図2図1に示すシステムの一実施形態を示す機能ブロック図である。
図3】評価装置および配信装置のハードウェア構成の一例を示す概略図である。
図4】競技者端末および視聴者端末のハードウェア構成の一例を示す概略図である。
図5】評価装置および競技者端末の処理の流れの一実施形態を示すフローチャートである。
図6】人物情報データベースのデータ構造の一例を示す概略図である。
図7】ルール条件のデータ構造の一例を示す概略図である。
図8】競技者端末、送信装置および視聴者端末の処理の流れの一実施形態を示すフローチャートである。
【発明を実施するための形態】
【0035】
[1.概略説明]
(システム10)
まず、図1を用いて生成系AIによる生成物の評価・生成過程の観戦のシステム(以下、単にシステムという。)を説明する。図1にはシステム10を示している。システム10では、まず競技者には所定のお題が与えられる、お題に基づいて競技者12はAIプロンプトを設計する、設計されたAIプロンプトにより生成系AI(生成系人工知能(Generative AI))16に生成物を生成させる、生成された生成物を評価する、その上で、前記AIプロンプトの設計および生成物の生成過程はインターネット上に配信され、視聴者がeスポーツとして観戦する、というものである。
なお以後の説明において、AIプロンプト、AIプロンプトエンジニアリングおよびAIプロンプトエンジニアについて、それぞれ単に、プロンプト、プロンプトエンジニアリングおよびプロンプトエンジニアと呼ぶ。
【0036】
生成物の生成過程を観戦するeスポーツの大会として、プロンプトの作成技術を競う場を提供すると、プロンプトエンジニアリングの普及に貢献でき、プロンプトエンジニアの育成を助け、優秀なプロンプトエンジニアの発掘に寄与できる。同時に、大会を通じて、プロンプトエンジニアのプロンプト技能を第三者評価できると、プロンプトエンジニアの雇用拡大に貢献でき、全体として、eスポーツと技能評価を併せた教育エンターテイメントとなり得る。
【0037】
システム10では、競技者12が操作している競技者端末15、競技者端末から指示を受ける生成系AI16、生成系AIで生成された生成物を評価する評価装置11、競技者端末15の表示画面を送信する送信装置13および表示画面が送信される視聴者14の聴者端末17が、通信ネットワーク18を介して通信可能に接続されている。
【0038】
(競技の種類)
競技の種類としては、例えば、以下の種類の生成物の生成が想定される。なおこれら以外の種類であってもよい。

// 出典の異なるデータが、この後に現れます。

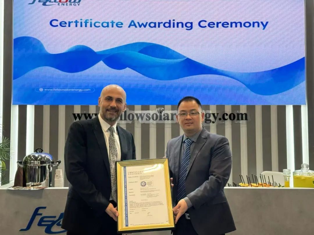 2025年4月10日,第17屆太陽能及儲能展Solarex在伊斯坦布爾展覽中心盛大開幕!Fellow Energy作為土耳其首個本土TIER 1 組件制造商,攜創(chuàng)新光伏產(chǎn)品和解決方案強(qiáng)勢登場,展臺8C09瞬間化身全場焦點(diǎn),人潮涌動,熱度爆表! 現(xiàn)場直擊 隨著 "土耳其首張TüV LETID認(rèn)證授證儀式"的啟動,全場氣氛達(dá)到高潮!南德意志集團(tuán)智慧能源銷售總監(jiān)李金金先生親臨展臺,為FellowEnergy頒發(fā)這一象征光伏組件長期可靠性的權(quán)威認(rèn)證。李總監(jiān)表示:"LETID認(rèn)證是光伏行業(yè)技術(shù)實(shí)力的試金石,標(biāo)志著Fellow Energy作為土耳其本土企業(yè)在產(chǎn)品品質(zhì)上實(shí)現(xiàn)了巨大突破!" 土耳其首個本土Tier 1 和 首張TüV LETID認(rèn)證——不僅僅是對Fellow Energy技術(shù)實(shí)力的認(rèn)可,更是對土耳其本土能源產(chǎn)業(yè)崛起的見證! 黑科技場景:家庭能源革命,看得見的未來! 步入展臺,兩大創(chuàng)新場景令人駐足: 家庭能源生態(tài)展區(qū) 從柔性光伏到便攜式折疊發(fā)電包再到創(chuàng)新太陽能空調(diào)解決方案,以"Flexible Solar, Endless Possibilities"為核心,將"零碳家庭"變?yōu)橛|手可及的現(xiàn)實(shí)。 全息投影實(shí)驗(yàn)室 懸浮在空中的N型組件結(jié)構(gòu)動態(tài)演示,揭秘組件如何實(shí)現(xiàn)高轉(zhuǎn)化率。 穿越關(guān)稅風(fēng)暴: 土耳其智造,全球化布局的定心丸! 面對近期美國對光伏產(chǎn)品加征50%關(guān)稅的動蕩局勢,F(xiàn)ellow Energy"土耳其本土化戰(zhàn)略"成為客戶熱議焦點(diǎn)。數(shù)據(jù)顯示,依托土耳其10%的低關(guān)稅優(yōu)勢及本土工廠的靈活供應(yīng),F(xiàn)ellow Energy客戶成本波動率僅為行業(yè)平均值的1/3。 "這不是運(yùn)氣,是十年布局的前瞻眼光。當(dāng)別人還在為關(guān)稅焦慮時(shí),我們已是土耳其本土首個Tier-1制造商。選擇Fellow Energy,就是選擇穿越周期的確定性。" 傍晚,展臺秒變音樂廳!土耳其知名樂隊(duì)以一曲《Solar Rhythm》開啟 "Fellow Happy Hour音樂會",觀眾手持本土特調(diào)飲品,在光影交織中沉浸式感受科技與藝術(shù)的碰撞。

・Text-to-COMICとしての「AI漫画(例えば4コマ漫画」)
・Text-to-Imageとしての「商品写真/ロゴ」
・Text-to-MUSICとしての「AI作曲」
・Text-to-VIDEOとしての「AI動画」
・Text-to-TEXTとしての「AI生成プログラミング」
・Text-to-Imageとしての「画像生成AI」
・Text-to-Photoとしての「写真アート」
【0039】
(お題のタイプ)
お題のタイプとしては、明確なゴール(目標)を設定し、目標とほぼ同じものを生成するタイプと、曖昧な目標を提示し、自由に表現させるタイプとがある。
明確な目標を設定するタイプの場合、目標として例えば目標となる画像を提示し、その目標画像とほぼ同じ画像を生成させる。目標画像と生成画像との類似度はAIの画像認識により処理することができるので、評価を自動的に行うことができ、かつ、評価にかかる時間を短縮することができる。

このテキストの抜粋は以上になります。